Korea does not stand at the top of the pyramid of world knowledge. It is making an arduous climb toward the summit. In this case, we need a double tactic. If we want to climb to the top, we must become capable of producing the type of knowledge that the world will want to consume. In order to do so, we must learn to speak our own language perfectly in order to express our thoughts at a world-class level.
Studying for the Toefl or practicing daily English won’t help our students produce world-class knowledge. A shallow knowledge of English is not enough to produce any depth of thought. English is a necessary condition, but it is not enough to enable us to acquire a place in the world of intellectual analysis and imagination.
At the same time, we must learn and develop the history of our own thoughts and actions as Koreans based on our elementary grounding in China’s 13 classics and 25 histories. We must build a pyramid of Korean-style world knowledge by studying the subjects needed for producing world-class knowledge ― based on a thorough understanding of both East and West.
Along with the tactic for producing, we must provide the means for exchanging and consuming. An indiscriminate expansion of the number of English courses is not the answer. We must make sure that the courses taught in English are taught by carefully selected professors who can speak English as fluently or almost as fluently as natives.

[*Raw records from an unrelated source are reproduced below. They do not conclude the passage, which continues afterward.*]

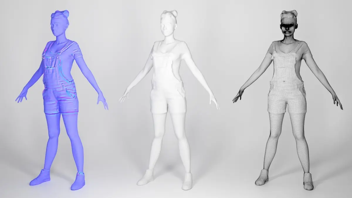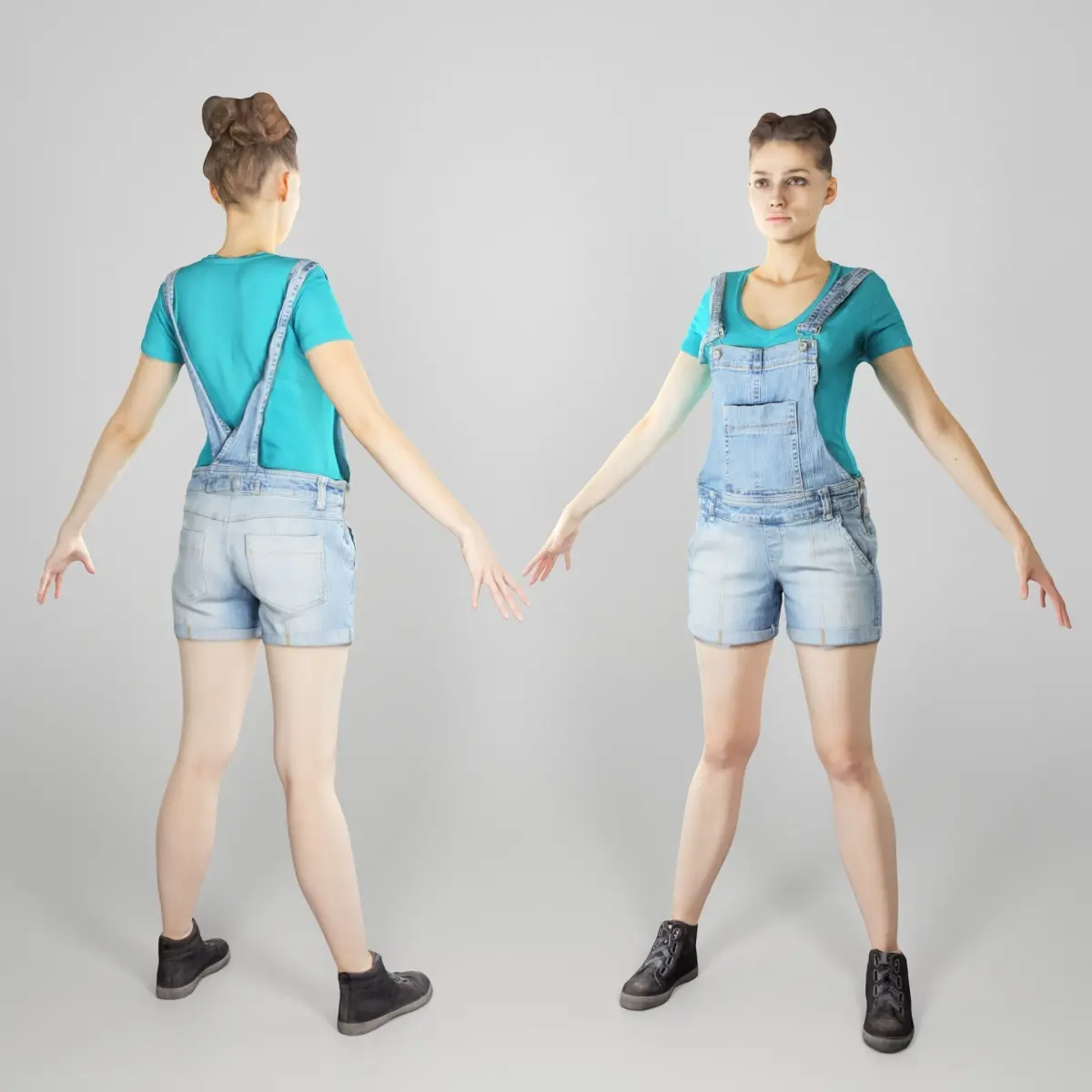 This is a true human size detailed model of a young beautiful woman of Caucasian appearance dressed in casual style. The model is captured in the A-pose with mesh ready for rigging and animation in all most usable 3d software.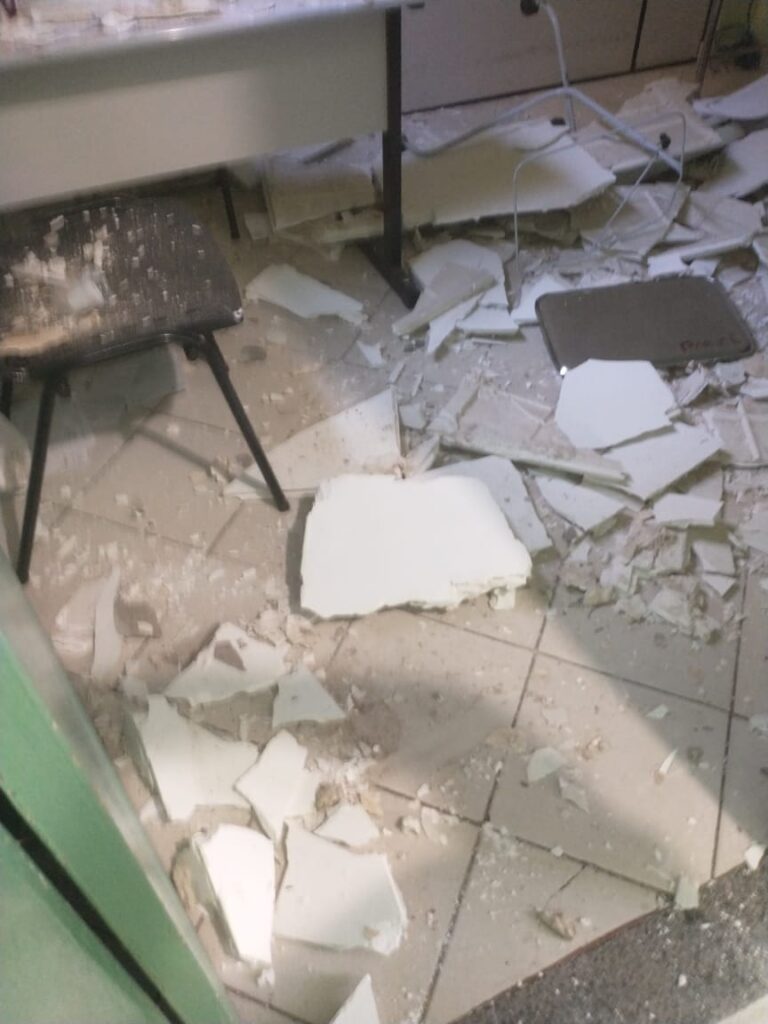 O teto que é de gesso caiu inclusive sobre uma mesa. Apesar do susto ninguém se feriu. A reportagem do site Lafaiete Agora entrou em contato com a Secretaria Municipal de Saúde, por meio do Departamento da Atenção Especializada.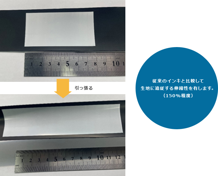 また、伸長性も良好で破断することなく150%程度の伸びがあり、ゴムの伸縮への追従性に優れています。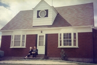 Colour photo of Helen & Harold Wallace taken on Mother's Day. They are standing outside a red brick home. Helen is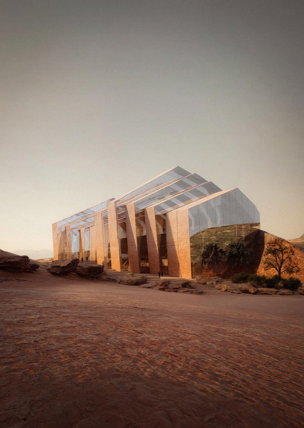 The project envisions a glass-structured visitor center in a national park, inspired by the dinosaur fossils housed within. The roof design translates the form of dinosaur ribs into fragmented elements, creating a symbolic connection to the site while also making the glass panels easier to transport and assemble. To ensure both elegance and feasibility, the design process focused on developing precise glass joints, followed by structural verification and Karamba optimization to balance architectural expression with structural performance.

The globalization of our university education will be completed when the bright young minds of Korea don’t need to be educated in U.S. schools and are instead able to develop world-class thinking perfectly in their native language and at the same time freely come and go between the East and the West to come in contact with the world’s best thoughts and actions.
The true globalization of our university education system is not in entrusting our students to foreign education but grafting foreign education to our domestic education.
Unfortunately, the reality is very gloomy. No matter how well they are educated, scholars with doctoral degrees from domestic schools face invisible discrimination compared to those who received their degrees abroad. In order for our schools to become properly globalized, we must make our domestic scholars stars in the domestic academic scene and further on in Asia and the world. The answer is simple. The Korea Research Foundation should give competent scholars with domestic doctoral degrees the chance of permanent employment. Then young scholars with the ability to produce knowledge will not have to worry about their livelihood and studying abroad and will concentrate on producing Korean-style world knowledge. The days when we will see the Won-hyo, Ji-nul and Twe-gye of the 21st century are not far away.
Even today, numerous young students from elementary to high school, as well as university students, are leaving home to study in America. In order to help them become winners in the composite of two cultures, who can successfully contribute to the pyramid of world knowledge, we must see to it that our domestic schools are properly globalized as soon as possible.

*The writer is a professor of international relations at Seoul National University. Translation by the JoongAng Daily staff.